Dollarizing your organization’s value is a critical skill. Product features – bells and whistles – take a back seat to financial impact. We must lead our sales teams in creating financial snapshots of the value built by our solutions. We need to gather financially oriented information from our accounts and incorporate it into our selling process. The customer’s cost of downtime, parts inventory, shop space and inventory costs are critical to sales success. If you don’t know and understand these points, you may find yourself in the supplier soup line. To help, we have created a short list of questions you must know and understand.

1) What is the dollar amount associated with downtime or work stoppage?

2) What is the burdened labor rate for labor?

3) Does the company provide training to its employees?

4) What is the cost of this training?

5) What is the total number of products produced per hour / day / week / etc.?

6) What is the percent of waste / scrap produced by the plant?

7) Is there a dollar amount associated with this scrap / waste?

8) If a reject is produced what else is ruined?

9) What are the costs of energy and other in-house utilities?

10) What payback level is needed to meet company standards?

Get ready for a margin squeeze
Don’t shoot the messenger – this is an unpopular topic. But, we should prepare today for an attack on the lifeblood of distribution. As customers and suppliers jockey for improved profits, the middle man really is caught in the fray. Here’s why. Vendors responded early to the recession by right-sizing their sales force. And, we observed a similar trend in our customers. A recent blog on purchasing.com outlined “layoff survival sickness” – workers who survived downsizing trends find themselves responsible for twice the work.
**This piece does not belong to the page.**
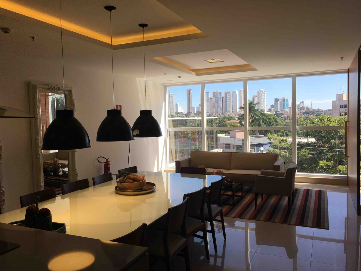 ❗️Un nou apartament únic, elegant i🤩 sofisticat, fet que et sentis com a casa. Mira la teva pel·lícula preferida al dormitori o a la sala d'estar a la televisió intel·ligent més moderna amb aire condicionat, taula de menjador i espai de treball. Descansa al millor llit, gaudeix de la dutxa més deliciosa, gaudeix del balcó i d'una preciosa posta de sol amb vistes al parc i gaudeix del Setor Bueno contemporani a la millor regió de Goiânia . Condomínio Tai Residências
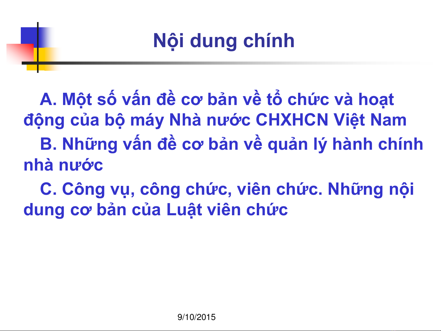 A. Một số vấn đề cơ bản về tổ chức và hoạt

Soon we face a perfect storm of margin squeeze. As newly rehired supplier salespeople pitch their products to recently readded purchasers. The new folks will instinctively struggle to prove their worth – low-ball quotes will fly like mosquitoes in a Minnesota marsh. The squeeze stands to threaten any upside gains in our industry.

Specialists must play a pivotal role pricing strategy. Specialist-driven products demand proper margin. If you support a technology grouping or product line of highly supported and application-specific products, the value you add justifies a better margin than commodity products your company may also sell.

Don’t expect your customer service or quotations department to understand the difference. To illustrate, allow me to relate the story of Hobbs. Hobbs worked as an inside salesperson at an electrical distributor. Every day he priced dozens of invoices. And he knew a reasonable margin when he saw one, until his company took on a line of cutting edge sensors. It was a one-of-a-kind product with a margin double the norm for his industry. When Hobbs noticed the “outrageously high” margins on the computer, he decided to set the margins back to a “reasonable” level. With a few quick flicks of his index fingers (he was a two-fingered typist), he managed to blow away thousands of well-deserved margin dollars.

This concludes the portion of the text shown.